At first sight, I could see nothing abnormal about them. I must admit there was a lot of litter on the decks that might have been used for wrapping up corpses and some fellows were hauling ropes that might have once been used for hanging innocent people, and from the dress of the seamen one might easily deduce that they were pirates on an American film ship. But the chief officer, who met me at the entrance to the companion way on the lower deck, was a most charming North Russian, with the large, pale, smiling face of the pure Slav.

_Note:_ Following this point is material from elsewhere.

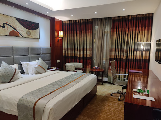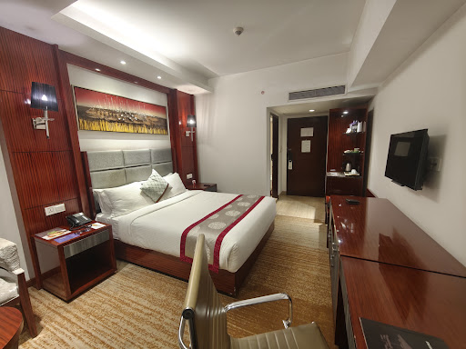 Read moreThe hotel had quite an oddly designed lobby with little space to move around but the receptionist was delightfully warm & welcoming and remained calm & explanatory even when problems arose. The wall paintings, bedding, and furniture looked luxurious in our room but some tables were made of board instead of planks of wood, which were in real need of repairing since the paint started chipping off and some parts had cracks. Also, they provide "complimentary" food & drink items which are by no means free, you"ll be charged extra for them at checkout. The place around the hotel was serene and clean, I didn't get a chance to catch the view though. The bed & mattress were defiantly soft & comfortable which was the best part of the overall experience. They didn't have much tech inside the room but the bathroom was fancy, although I did NOT enjoy the fact that the bathroom door had slits in them through which anybody in the room could peek while I'm over the toilet! Not to mention it allows unwanted noise from the bathroom to be heard outside. And most importantly the room-staff took too long to arrive at the door when there are...
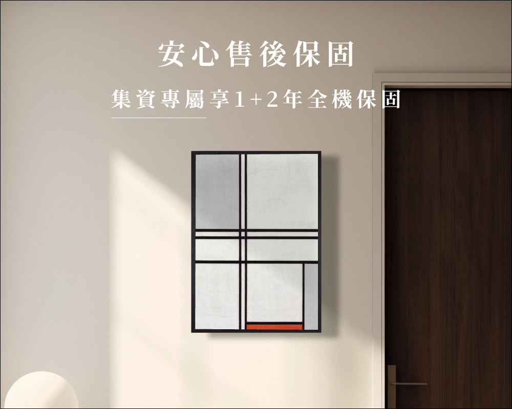 整機重量只有 10.4 公斤,輕巧易掛,搭配極具品味的畫作,懸掛在牆上就如同一件藝術品。機身外框可選擇多種國際級畫作,例如 Piet Mondrian、常玉的《荷》,以及新銳插畫家日頭 LITTOP 的作品,帶來無限的居家美學選擇。

I gave him my papers and asked him could I have a drink at once.

‘Come,’ he said. ‘I go tell steward. Follow please.’

He brought me into the officers’ mess, which was the first room on the left. Then he bowed politely and left me in order to fetch the steward. The room was brand new, fitted out very creditably. There was nothing unnecessary. Every inch of space was compactly organised. There was no hint of luxury. At once it reminded me of the mess room in a monastery. I also noticed that everything possible bore the Soviet Arms in red. That increased the monastic impression, for people with religions love to carve their symbols, not only on their furniture but even on their underwear.

The chief officer returned and beckoned to me a trifle furtively. His furtiveness cheered me, since there was a question of having a drink. It reminded me of my own country. In Ireland there is always something secret about drinking which makes it an adventure. Recognised topers in country villages, where the slightest and most secret sins are common knowledge, have a habit of leaning over the bar counter and whispering their order into the ear of the barmaid, who assumes the proper air of taking part in a conspiracy. Even at dinners in private houses, the host secretly invites his guests into the kitchen or the cubby-hole, with many a ‘hush’ and a finger to the lip, for fear ‘she’ might see him uncork the jar of old whisky. I mistook the mate’s furtiveness for this admirable Irish attitude towards the beautiful ritual of drinking. But as I followed him out into the corridor, he whispered:

‘In my cabin better. There nobody see you.’

There was no joy in his voice. I could detect, on the contrary, a horrid fear, which made me feel sorry I had set foot on the ship. Here, I understood at once, drinking was regarded as a crime and drinkers were criminals. Yo ho ! And a bottle of mineral waters.